Easter “Katie” Williams survived a gunshot to her head at the hands of her husband’s lover.

More than a year later, she continues to undergo therapy after doctors replaced part of her skull.

On Wednesday, tucked between her mother and cousin inside a Las Vegas courtroom, she watched a jury convict Maira Sepulveda, 26, and Gabrial Williams, 36, of attempted murder and several other charges in connection with the September 2015 shooting.

“God showed up and showed out,” she said afterward. “It’s a miracle for me to even say, ‘It’s a miracle.’”

Sepulveda buried her head in her hands, sobbing at the defense table, as eight women and four men convicted her. Gabrial Williams silently stared straight ahead before being led out of the courtroom, when he resisted deputies and extended a middle finger to a photographer.

Prosecutors said Sepulveda, a former Spearmint Rhino stripper, shot Easter Williams in the head after Easter Williams found Sepulveda in her bed.


 

Easter Williams had taken a cab to the couple’s Rhodes Ranch home after working on the Strip as an escort in the early morning hours of Sept. 13, 2015. She took the cab after her husband failed to pick her up, prosecutors said.

She found her bedroom door locked, and the couple quarreled. After she managed to push the door open, Sepulveda grabbed a .22-caliber handgun that Gabrial Williams kept on his nightstand, prosecutors said.

Easter Williams testified that her husband told his lover to shoot her, and Sepulveda fired two shots.

Sepulveda told jurors she had only known Gabrial Williams a few weeks and had sex with him once. She testified that she was passed out drunk in another bedroom and awoke only after Williams shook her awake and told her he had shot his wife.

He and Sepulveda drove the victim to Southern Hills Hospital and Medical Center, and told a security guard she had shot herself before they fled and hid from police for days.

Sepulveda’s attorney, Carl Arnold, told jurors that she drove the victim to the hospital instead of dialing 911 because she thought that was best at the time.

“You don’t take them to the hospital with the intent to kill,” Arnold said.

Doctors described her injury as the result of an “assassination shot,” prosecutors said. She survived because of “sheer will to live.”

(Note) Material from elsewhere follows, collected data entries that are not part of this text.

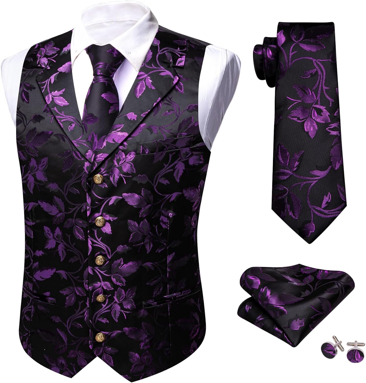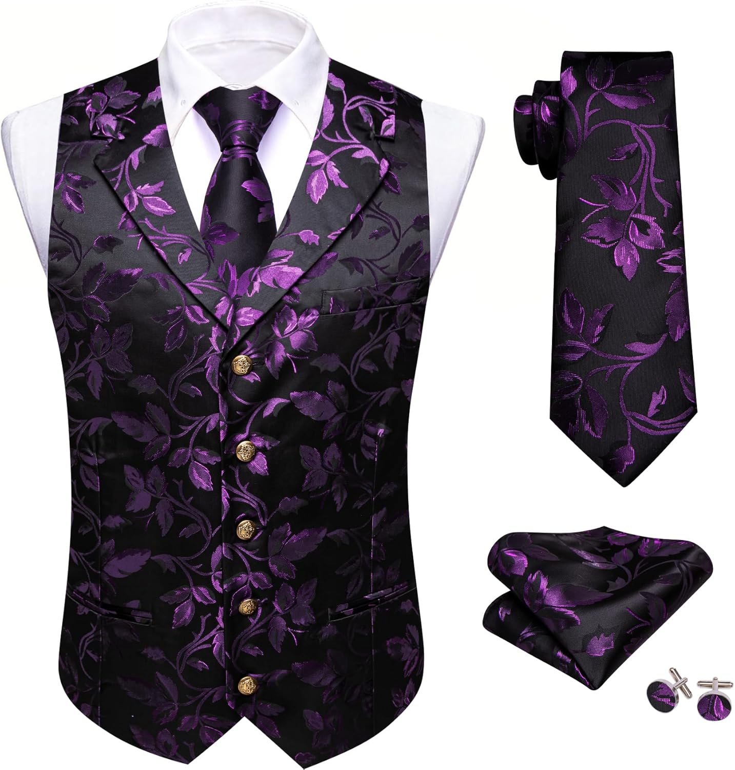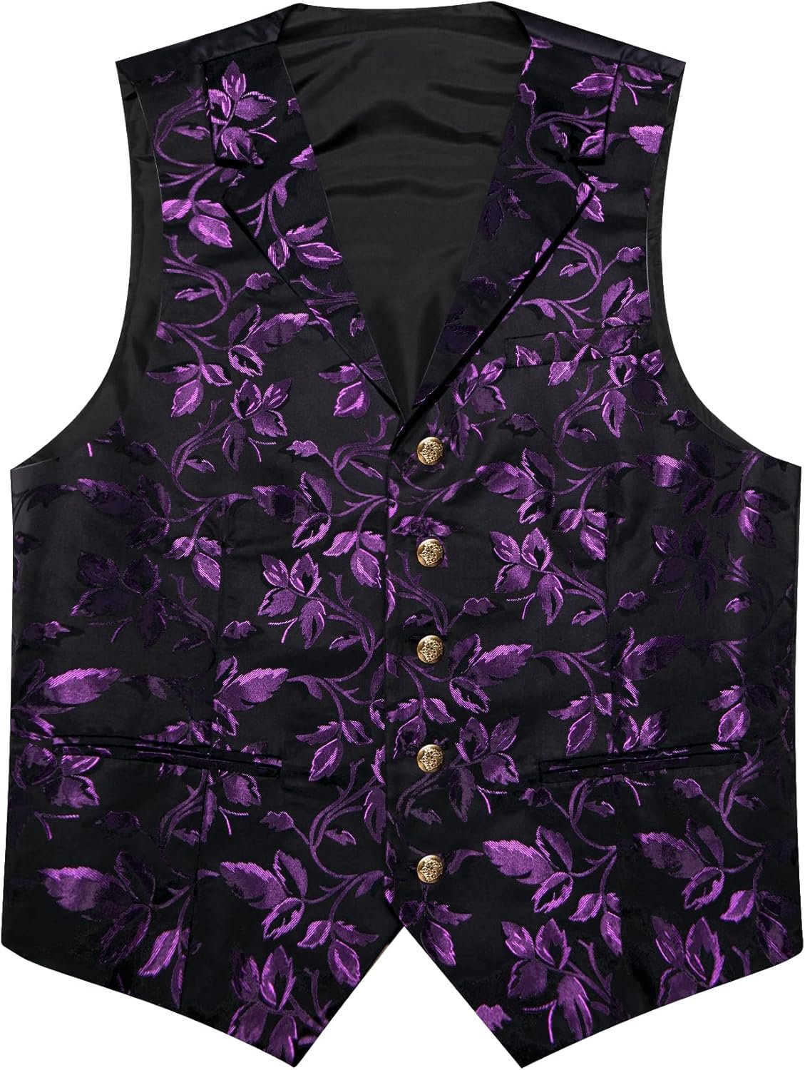 Barry.Wang Mens Silk Lapel/Shawl Collar Vest Tie Sleeve Holder Set Formal/Casual Paisley Vests Wedding Tuxedo Waistcoat
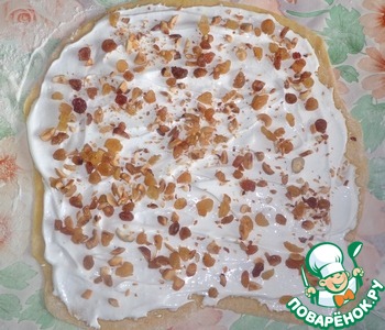Фундук измельчить. Белки взбиваем с тростниковым сахаром до густого состояния. Тесто раскатать в пласт. Смазываем тесто взбитым белком.
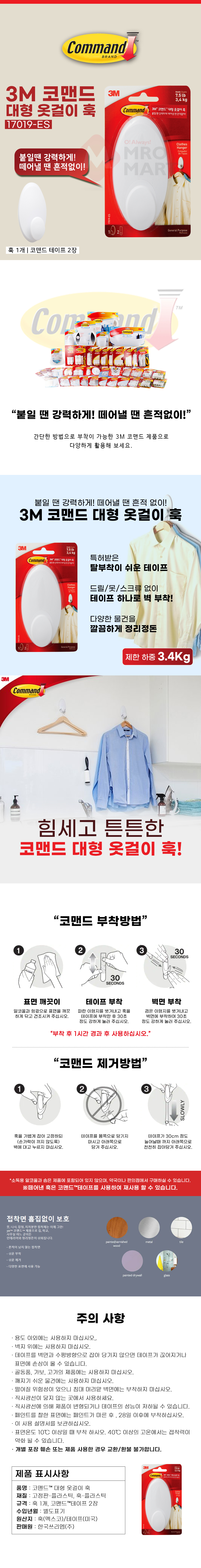 3M 코맨드 대형 옷걸이 훅 17019-ES
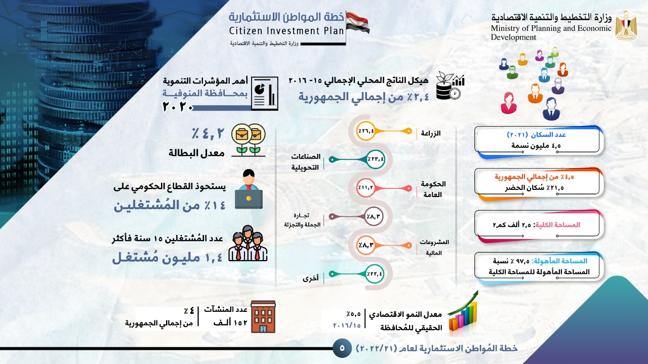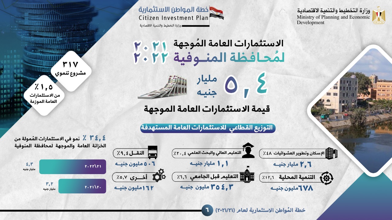 التخطيط: 5.4 مليار جنيه لتنفيذ 317 مشروعًا تنمويًا بـ المنوفية |إنفوجراف

Gabrial Williams’ lawyer, Roy Nelson, said the defendants’ actions after the shooting did not explain what happened in the bedroom.

Prosecutor Agnes Lexis called defense explanations of the shooting a “convenient truth.”

“For Easter Williams, the truth will never be convenient,” she said. “This was not an accident.”

After the verdict, during a subsequent hearing in which he also was found guilty of being a felon in possession of a firearm, Gabrial Williams insisted that his wife shot herself with her own gun.

“We were very happy with the verdict. This was a quick decision by the jury,” prosecutor Chad Lexis said. “Easter Williams came back from the dead. … And to see her come into the courtroom and tell her story was amazing.”